Амос промолчал, и Клип не стал настаивать на ответе.
После мучительного ужина Холден думал только о постели. Но пока он чистил зубы, в гальюн словно бы невзначай заглянул Алекс и попросил:
— Зайди в рубку, кэп, поговорить надо бы.
Поднявшись за ним в кубрик, Холден уже застал там Амоса и Наоми. Наоми развалилась, закинув руки за голову, а вот Амос сидел на краешке амортизатора, прочно упираясь ногами в пол и сжав кулаки. Лицо его было темным от злости.
— Вот что, Джим, — заговорил Алекс, повалившись в соседний амортизатор, — начало не из лучших.
— Она нарыла на нас материал, — бросил Амос, ни к кому не обращаясь и глядя в пол. — Вещи, которых ей знать не положено.
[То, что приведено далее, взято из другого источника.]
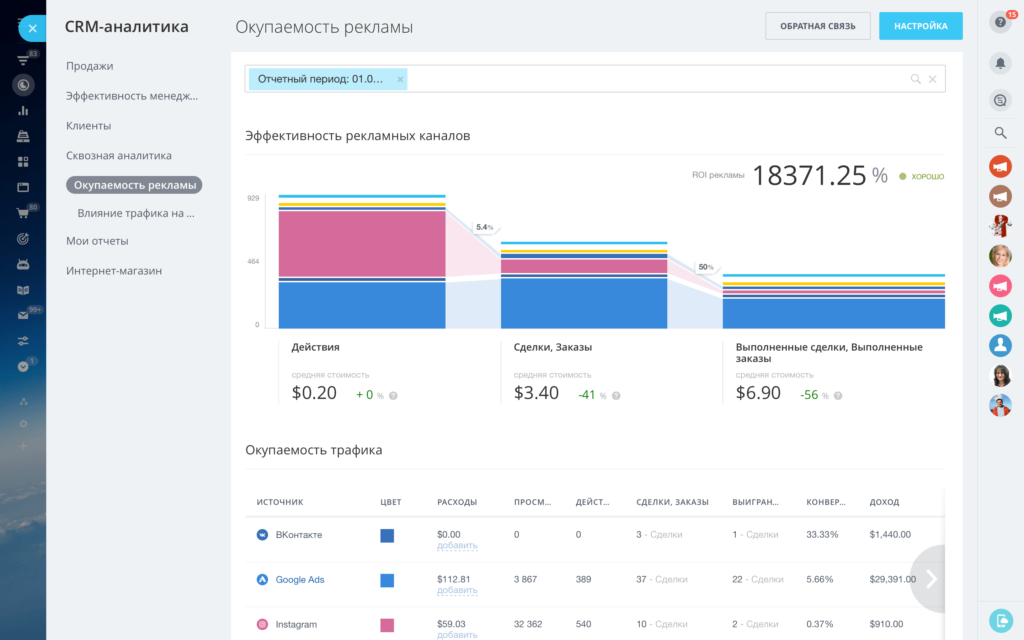 Сэкономьте рекламный бюджет с помощью Сквозной аналитики. Отчеты о рекламе покажут эффективность целой кампании, групп объявлений или слов. Сквозная аналитика умеет отключать рекламу, которая не приносит результат и тратит бюджет впустую.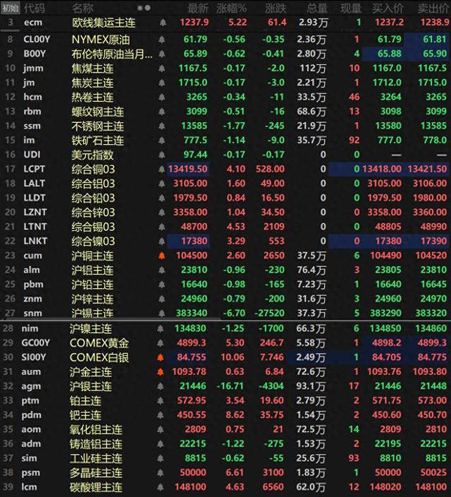 来源:上海有色网 截至日间收盘,内盘基本金属普跌,仅沪铜唯一上涨,涨幅达2.6%。沪锡以6.7%的跌幅领跌,沪镍跌 1.25%,其余金属跌幅均在1%以内。氧化铝主连涨0.75%,铸造铝主连跌1.22%。 此外,碳酸锂主连涨4.63%,多晶硅主连涨6.61%。工业硅主连跌0.62%。欧线集运主连涨5.22%报 1237.9。 黑色系方面集体下跌,不锈钢、铁矿一同跌超1%,不锈钢跌1.77%,铁矿跌1.14%。其余品种跌幅均在 1%以内。双焦方面,焦煤、焦炭一同跌0.17%。 外盘方面,截至15:09分,外盘基本金属集体上涨,且除了伦铅之外,涨幅均在1%以上。伦铜、伦锡一 同涨逾4%,伦铜涨4.1%,伦锡涨4.53%。伦镍涨3.29%,伦铝、伦锌涨逾1%,伦铝涨1.6%,伦锌涨 1.04%。伦铅涨0.84%。 贵金属方面,截至15:09分,COMEX黄金涨5.3%,COMEX白银涨10.06%。国内方面,沪银跌 16.71%。沪金涨0.63%。 此外,铂主连涨3.54%,钯主连涨8.62%。 截至今日15:09分行情 | 初始 代码 | | 名称 | * @ | 最新 | 涨幅% | 消费失 | 应置 | 现量 ...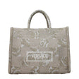 The product with MPN 10115621A109912KF4V and code F85561 fabric in beige is a handbags designed by Versace. It has features like front logo, adjustable shoulder, removable shoulder.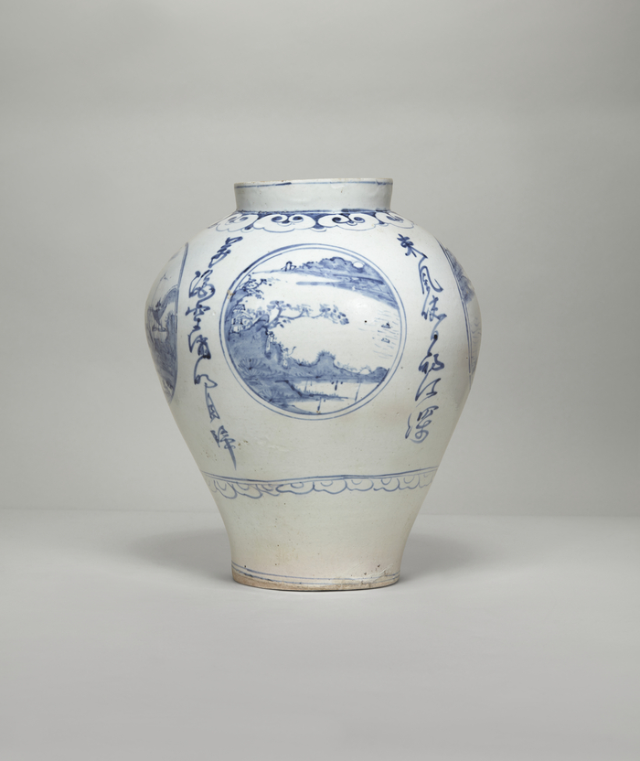 측면 네 곳에 동그란 원형의 창을 내어 그 안에는 소상팔경 중 네 장면을 그렸다. 각각의 원형 창 사이에는 다음과 같은 시문이 적혀 있다: ‘萬隱空満明月歸’; ‘來風使人釣江深’; ‘萬川向流陶人歌’; ‘長生不老神仙訓’. ‘허공에 숨은 달이 돌아오네; 불어오는 바람은 깊은 강에서 낚시를 하게 하네; 수만 개의 시냇물 줄기는 도공의 노래를 싣고 흐르네; 불멸의 가르침은 영생을 말하네’라는 내용의 시로,아름다운 산수도와 조화를 이룬다.

Холден его понимал. Намек на Балтимору относился к детству Амоса — появившегося на свет как плод самой мерзкой ветви незаконной проституции. Но признать, что это известно и ему, Холден не мог. Он сам узнал, случайно подслушав разговор, и не желал еще сильнее унижать друга.
— Она журналистка, эти всегда роются в прошлом, — сказал он.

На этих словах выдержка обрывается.